Catalytic mechanochemical nitrogen fixation has been demonstrated with molybdenum pincer complexes using SmI2(THF)2 and solid proton sources under 1 atm N2 and solvent-free ball milling. Solid, multivalent alcohols—including insoluble biomass-derived cellulose—enable efficient NH3 formation with suppressed H2, and a nitride intermediate formed by direct N–N cleavage at the gas–solid interface undergoes PCET-driven N–H bond formation in the solid phase. The approach allows direct, solvent-free generation of gas-phase NH3 via a two-step milling procedure with solid KOH. These findings showcase the feasibility and advantages of molecular gas–solid catalysis and solid-state PCET under mechanochemical conditions. Future work can aim to (i) increase turnover numbers and catalyst stability, (ii) broaden reductant and proton source chemistries (including greener and recyclable reagents), (iii) deepen mechanistic understanding of gas–solid activation and PCET in the solid state, and (iv) scale and engineer continuous/mechanochemical processes for practical NH3 production.

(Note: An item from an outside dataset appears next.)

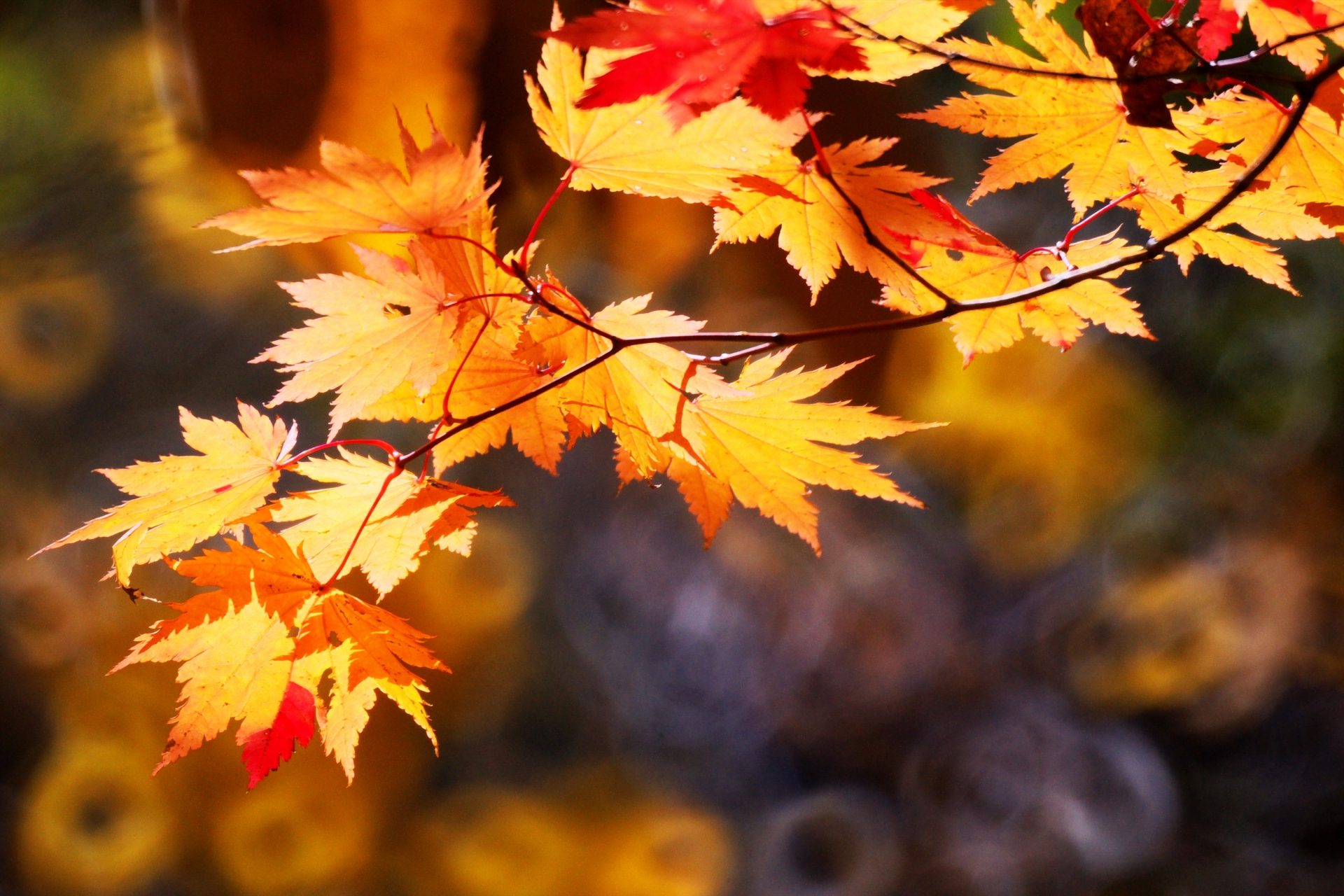 - 赤・橙・黄のグラデーションが渓流を包み込む

• Gas-phase NH3 is not produced directly in single-step reactions; NH3 is retained in the solid phase, likely coordinated to Sm(III), necessitating a second milling step with solid base (KOH) to release NH3 without solvents.

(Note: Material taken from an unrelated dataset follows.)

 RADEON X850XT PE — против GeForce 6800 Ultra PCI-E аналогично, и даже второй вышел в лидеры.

• An induction period (~30 min) occurs with cellulose as a proton source, indicating slower formation of active Sm(II)–proton-source species; pre-activation mitigates but does not eliminate this.
• The observed turnovers (up to 864 equiv/Mo) are well below the best homogeneous systems (up to 60,000), indicating room for catalyst and process optimization.
• Kinetic behavior for benchmark PCET reductions (e.g., trans-stilbene) differs from expectations based on solution-state BDFE values; the precise factors controlling PCET rates in the solid state remain unclear.
• Ball milling is essential; simple stirring without solvent yields negligible NH3, which may limit applicability to systems requiring mechanical energy input.